TASK REQUIREMENTS:
Make an exact copy of the data below, leaving out every picture.
INPUT DATA: Begin
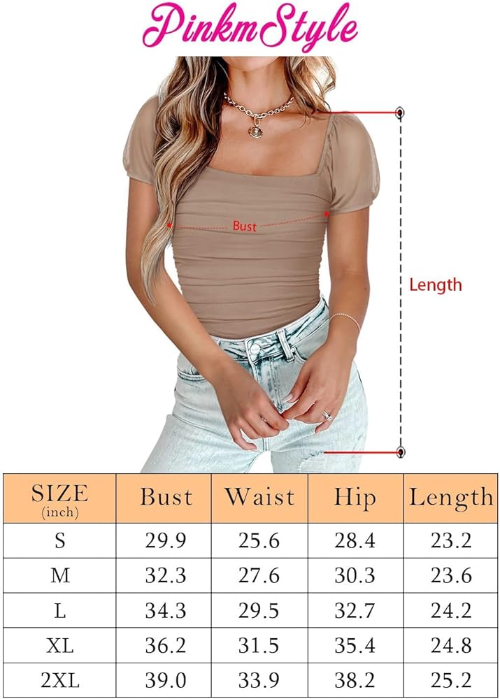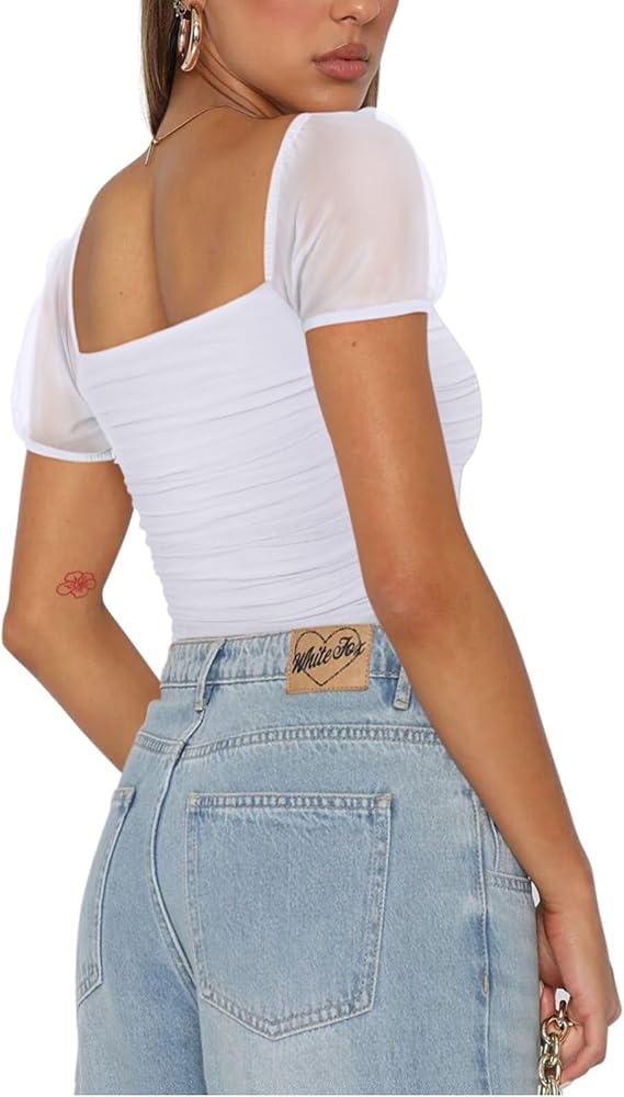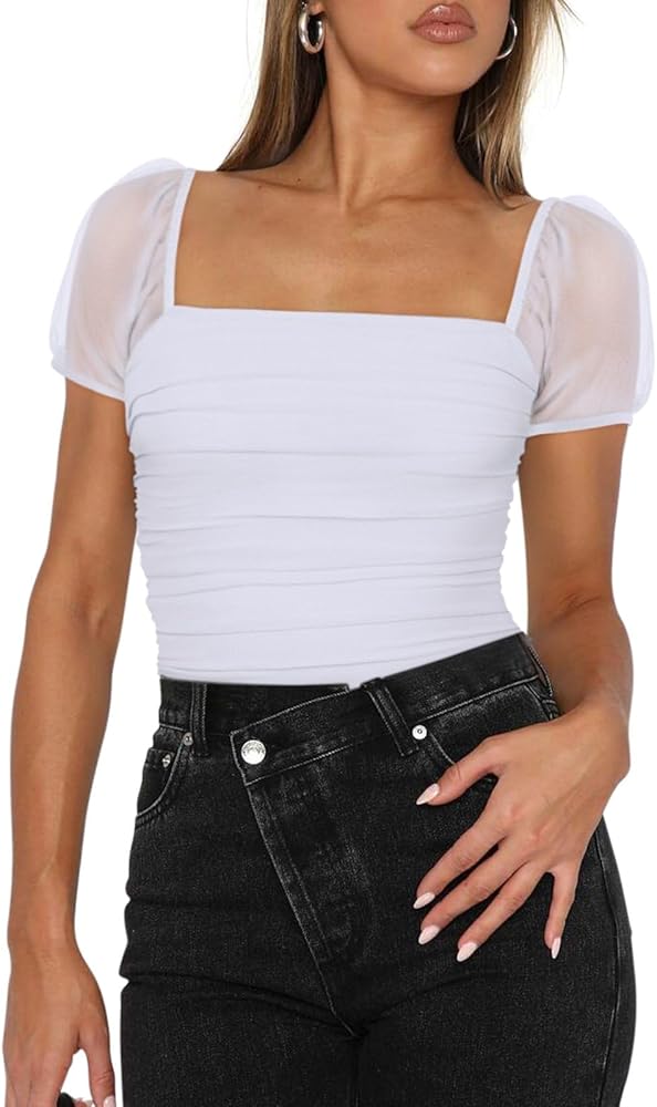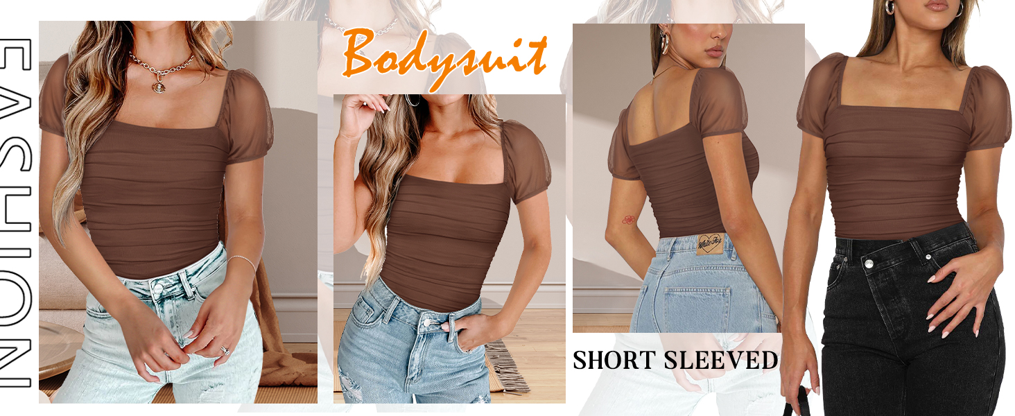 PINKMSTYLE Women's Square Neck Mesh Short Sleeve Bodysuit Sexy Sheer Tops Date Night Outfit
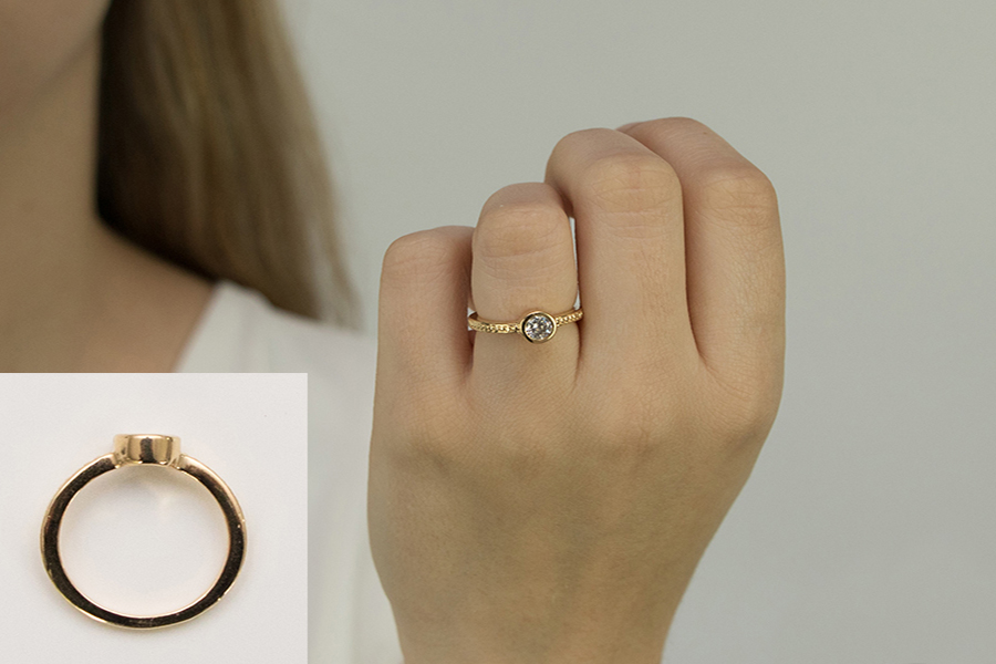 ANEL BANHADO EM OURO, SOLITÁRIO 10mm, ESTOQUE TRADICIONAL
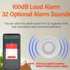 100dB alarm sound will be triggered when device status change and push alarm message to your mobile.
INPUT DATA: End
RESPONSE AREA:
 PINKMSTYLE Women's Square Neck Mesh Short Sleeve Bodysuit Sexy Sheer Tops Date Night Outfit
 ANEL BANHADO EM OURO, SOLITÁRIO 10mm, ESTOQUE TRADICIONAL
 100dB alarm sound will be triggered when device status change and push alarm message to your mobile.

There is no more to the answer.